Work to complete
Which lines run from the one containing "Il s’agit des" through the end of the data? Write them out exactly, with the pictures left out.
********************
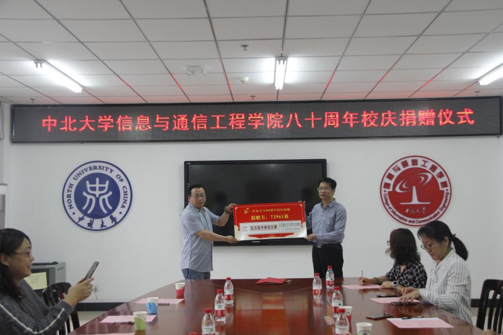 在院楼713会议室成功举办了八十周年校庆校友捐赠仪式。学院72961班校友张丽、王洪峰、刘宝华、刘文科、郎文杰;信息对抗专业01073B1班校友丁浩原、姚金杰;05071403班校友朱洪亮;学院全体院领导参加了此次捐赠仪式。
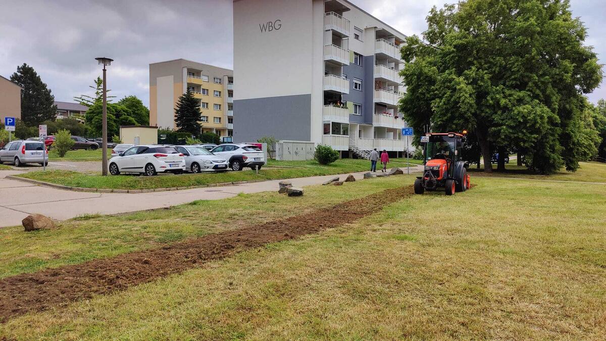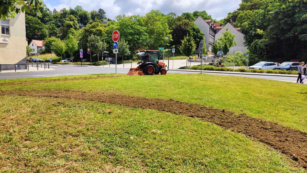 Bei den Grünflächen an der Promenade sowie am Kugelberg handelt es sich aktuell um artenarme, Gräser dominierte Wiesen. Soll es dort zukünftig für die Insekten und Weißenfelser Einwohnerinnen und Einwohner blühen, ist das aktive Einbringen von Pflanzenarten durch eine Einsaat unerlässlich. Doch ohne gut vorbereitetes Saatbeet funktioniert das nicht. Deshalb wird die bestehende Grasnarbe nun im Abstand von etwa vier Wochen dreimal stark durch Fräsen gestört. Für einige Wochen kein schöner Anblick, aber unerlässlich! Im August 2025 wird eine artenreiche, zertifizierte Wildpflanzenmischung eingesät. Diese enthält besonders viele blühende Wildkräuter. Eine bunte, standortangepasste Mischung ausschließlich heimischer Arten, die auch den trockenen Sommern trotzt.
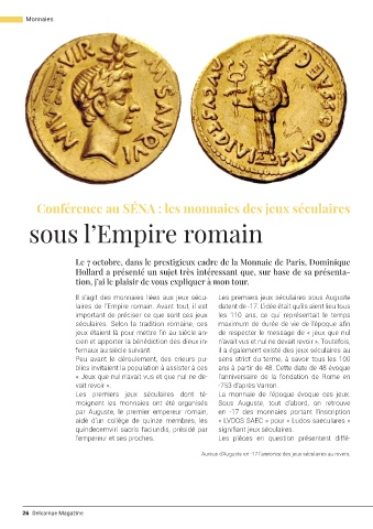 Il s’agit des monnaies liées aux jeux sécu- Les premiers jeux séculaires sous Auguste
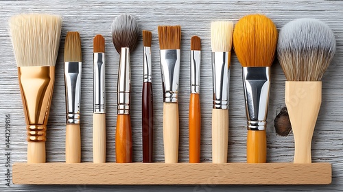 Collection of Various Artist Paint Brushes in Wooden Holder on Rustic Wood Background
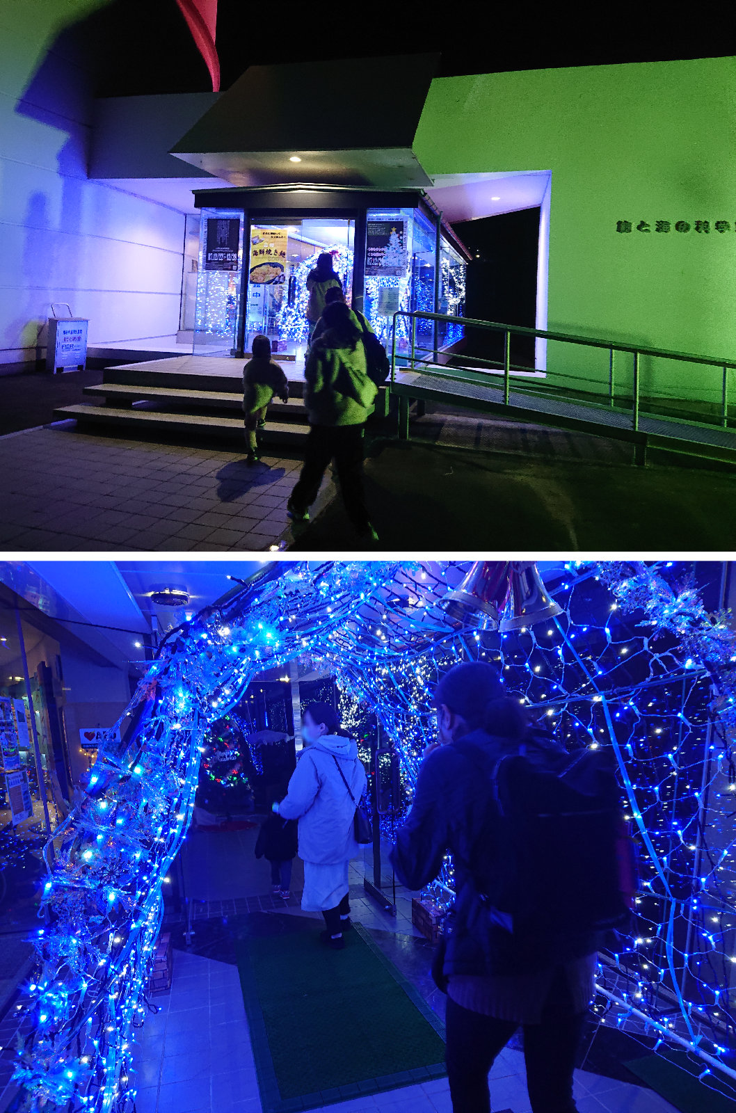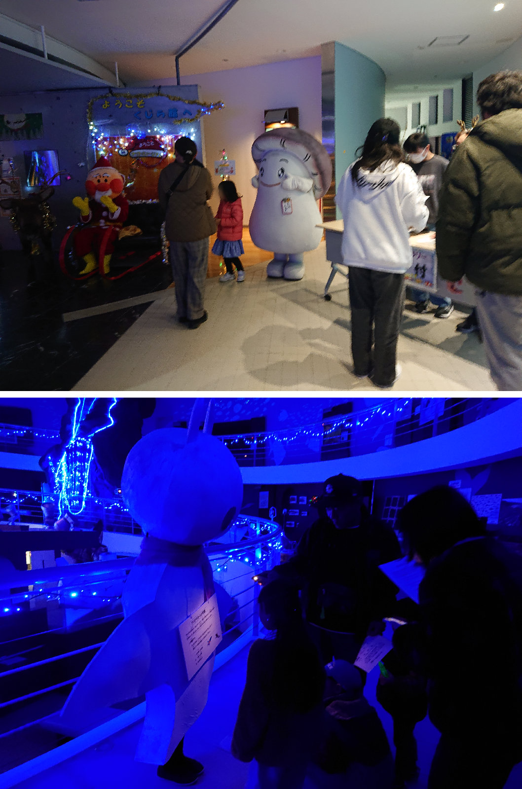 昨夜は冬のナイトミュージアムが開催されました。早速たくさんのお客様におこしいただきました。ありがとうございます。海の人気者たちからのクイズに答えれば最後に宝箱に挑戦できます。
********************
Reply
 Il s’agit des monnaies liées aux jeux sécu- Les premiers jeux séculaires sous Auguste
 Collection of Various Artist Paint Brushes in Wooden Holder on Rustic Wood Background
 昨夜は冬のナイトミュージアムが開催されました。早速たくさんのお客様におこしいただきました。ありがとうございます。海の人気者たちからのクイズに答えれば最後に宝箱に挑戦できます。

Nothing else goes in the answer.